If you like really tender pork, I strongly recommend chashu ramen.

It was after Comiket, on Sunday, that I really started exploring the city in earnest. The first place I wanted to go to was Shinjuku because I really like this Keiko Fuji song;

Shinjuku is yakuza headquarters in Tokyo so, unsurprisingly, it basically turned out to be a red light district filled with gambling dens and strip clubs.

It was in Shinjuku I found a restaurant that served edomaezushi, another thing my students recommended.

Edo is the old name for Tokyo and "mae" means before or in front of. So this is sushi made from fish, roe, and shrimp from the Tokyo area and treated with vinegar in a way that served to preserve the meat in ancient times.

It was good, very tender with a subtle flavour. And expensive--5000 yen, which I gather is relatively cheap for edomaezushi!

After Shinjuku, I visited Harajuku and Shibuya, the fashionable shopping areas of Tokyo.

I didn't buy anything. And it was tough to resist temptation. For, behold:

I took this picture from a little window across the street because I wanted to show that this Tower Records is in fact a tower. Yes, it's the whole building. That's nine storeys of music, CDs and vinyl mostly.
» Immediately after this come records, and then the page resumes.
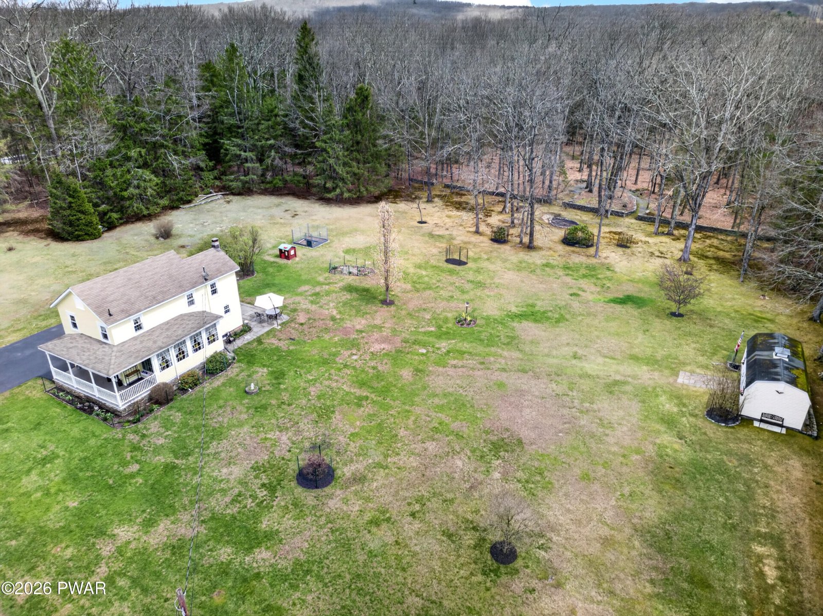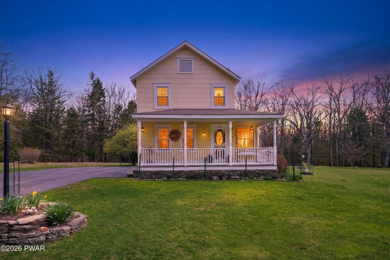 This three-bedroom farmhouse has earned its character over lifetimes of love. It is a property where original charm and thoughtful updates exist side by side. Set on 3.5 acres of mature trees, the open lawn, and stone-walled grounds feel like they've always been here.A paved driveway leads you to the covered front porch, and once you step inside, the interior strikes a balance that is harder to find than it sounds: quaint enough to feel like home, updated enough to live without compromise. The main level flows seamlessly from a welcoming foyer into a bright, renovated kitchen and dining room, a comfortable living room, and a sunroom that pulls the outside in, regardless of the season. The quality of light here is something you notice and appreciate.Upstairs, three bedrooms and a full bathroom offer a sensible, livable layout. Downstairs, the basement delivers real utility: a dedicated laundry area and a workshop space that will matter to anyone who builds, repairs, or simply needs room to work.Outside, the acreage unfolds in layers: grassy yard, rock walls, woods at the edges. A large storage shed handles the overflow. There are no HOA dues, no restrictions, no committee approvals; Just land, privacy, and the freedom to use it as you see fit. You're less than a five-minute drive from downtown Hawley, and only 10 minutes from Lake Wallenpaupack, but you still feel the secluded countryside feel that's so coveted about this area!
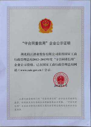 1月20日,宜昌市工商局、枝江市工商局領(lǐng)導(dǎo)為枝江酒業(yè)送來“國家工商行政管理總局2012-2013年度守合同重信用企業(yè)”、“湖北省2012-2013年度守合同重信用企業(yè)”2項榮譽證書。這是枝江酒業(yè)繼2010-2011年度后再度被授予該稱號。國家級守重企業(yè)是全國企業(yè)信用評價的最高榮譽,也是枝江酒業(yè)繼2014年11月被湖北省人民政府表彰為省級“守合同 重信用”示范企業(yè)后,獲得的又一項重量級榮譽。
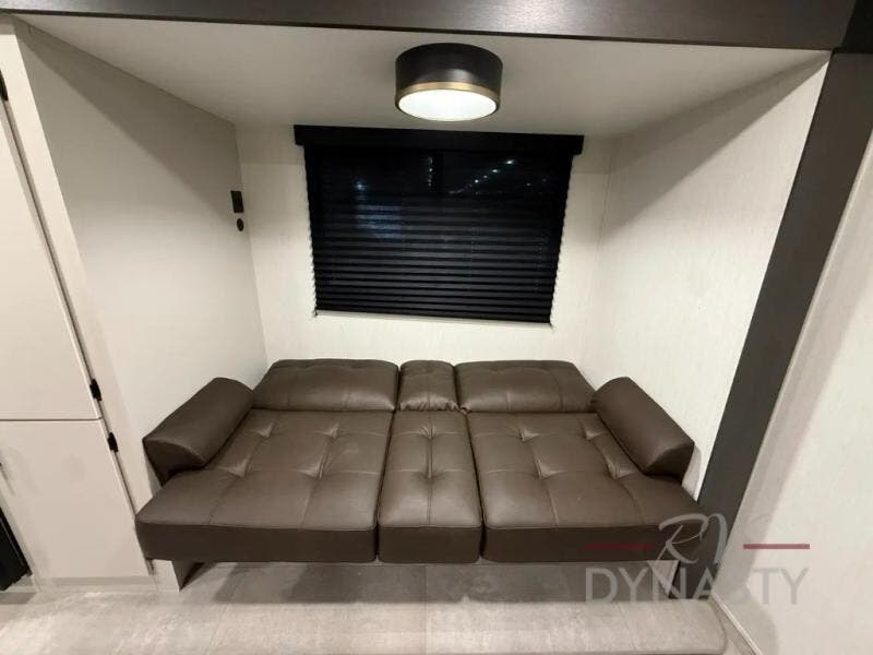 This travel trailer's modern rear kitchen is equipped with a reliable fridge, well-stocked pantry, and stylish hutch, making meal prep and storage a snap. The versatile jackknife sofa provides additional sleeping space or a cozy spot to unwind, while the intimate booth dinette is perfect for sharing meals or stories with loved ones. The crisp high-definition smart TV is ideal for entertainment on the go, and the practical walk-thru bathroom provides easy access. The serene front bedroom is a peaceful retreat, featuring a comfortable king bed, functional linen closet, spacious wardrobes, and ample overhead cabinets for storing your essentials. One of the standout features of this trailer is the two entry/exit doors, providing added convenience and flexibility.
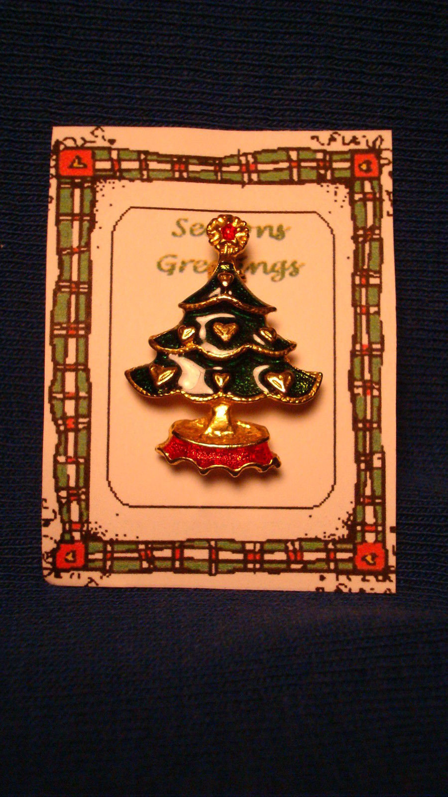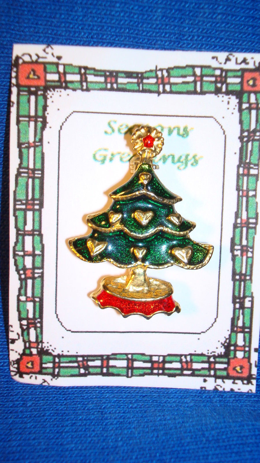 This is a very pretty Green Christmas Tree PIN. It's a Decorated Green Christmas Tree with a Red Top and Red Base with Gold HEART ornaments.

On the floor dedicated to rock music, I found a two disk set of Nine Inch Nails performing with David Bowie. On the floor with soundtracks, I found a three disk extended edition of the Bram Stoker's Dracula soundtrack. Every section I looked at had something ranging from rare to ultra-rare. In the vinyl section, I spotted a whole Dalek album, the first Doctor Who merchandise I've seen anywhere in Japan.

After Shibuya, I went to Ginza. I remembered how cool Ginza looked in When a Woman Ascends the Stairs and I wondered if anything remained of that chill bar scene from the 1960 movie. Now it appears to be a very expensive shopping district.
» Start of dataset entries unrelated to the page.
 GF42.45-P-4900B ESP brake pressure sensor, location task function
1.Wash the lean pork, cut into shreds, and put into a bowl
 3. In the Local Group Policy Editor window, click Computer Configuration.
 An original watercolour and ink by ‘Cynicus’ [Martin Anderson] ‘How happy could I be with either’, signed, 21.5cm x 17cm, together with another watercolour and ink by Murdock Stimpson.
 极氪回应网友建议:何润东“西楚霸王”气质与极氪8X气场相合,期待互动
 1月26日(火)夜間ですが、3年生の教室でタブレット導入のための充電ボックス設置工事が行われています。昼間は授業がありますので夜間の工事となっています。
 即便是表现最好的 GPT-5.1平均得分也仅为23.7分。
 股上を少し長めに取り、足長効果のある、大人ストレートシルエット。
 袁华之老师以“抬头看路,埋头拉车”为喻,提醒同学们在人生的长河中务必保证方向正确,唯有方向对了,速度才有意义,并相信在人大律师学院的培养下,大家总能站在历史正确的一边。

I saw a lot of foreigners here, I didn't feel special at all. I'd say 30% of the people I saw were white and I heard a lot of English being spoken. Some of the buildings were really beautiful.

I didn't get anything in Ginza, either. But after Ginza, I stopped in Akasaka and found another meal my students had recommended.
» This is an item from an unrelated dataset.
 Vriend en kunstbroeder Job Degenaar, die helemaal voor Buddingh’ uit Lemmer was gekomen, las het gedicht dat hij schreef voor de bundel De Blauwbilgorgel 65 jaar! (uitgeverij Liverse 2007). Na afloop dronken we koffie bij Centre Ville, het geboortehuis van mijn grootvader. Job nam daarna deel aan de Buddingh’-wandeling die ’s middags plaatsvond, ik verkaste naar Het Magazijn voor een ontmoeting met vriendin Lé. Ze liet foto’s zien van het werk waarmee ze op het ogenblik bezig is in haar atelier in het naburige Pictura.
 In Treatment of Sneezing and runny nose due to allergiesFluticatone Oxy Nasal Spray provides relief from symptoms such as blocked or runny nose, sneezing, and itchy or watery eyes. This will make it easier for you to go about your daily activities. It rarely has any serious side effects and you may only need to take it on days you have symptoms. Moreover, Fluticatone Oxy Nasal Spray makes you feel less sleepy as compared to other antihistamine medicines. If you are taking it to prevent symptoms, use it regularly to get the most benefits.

Menchi-katsu is breaded, deep-fried meat. I started eating before I remembered to take a picture. It comes with a bowl of shredded lettuce and there's an assortment of sauces you can choose to add to it. It was pretty good and thankfully cheap, less than 1000 yen.

On the way back to my hotel one day, I randomly decided to stop in a place called Nakano. I'm glad I did because it turned out to be Otaku-central, containing a huge mall for anime, manga, video games, cosplay, and various other hobby and nerd goods.

So that's some of what I did in Tokyo. This entry is getting really long so I think I'll save the rest for another time.

Twitter Sonnet #1613

The volunteer could drive us up the wall.
Abysmal business charred the building black.
A crooked man was yet surpassing tall.
Corrupted boys began to build the track.
A normal hour took the cloudy day.
Revolving eyes were ever right at noon.
We crammed a ransom 'neath the choc'late bay.
The smuggler's fleet departs before the moon.
The growing brick was yet a coffin shape.
Diverse examples tried the yankee plant.
A puppet's teeth could never cut the tape.
Recall what butter does and jelly can't.
The stacks of stuff arrived in varied hues.
The rare and common blend in vibrant blues.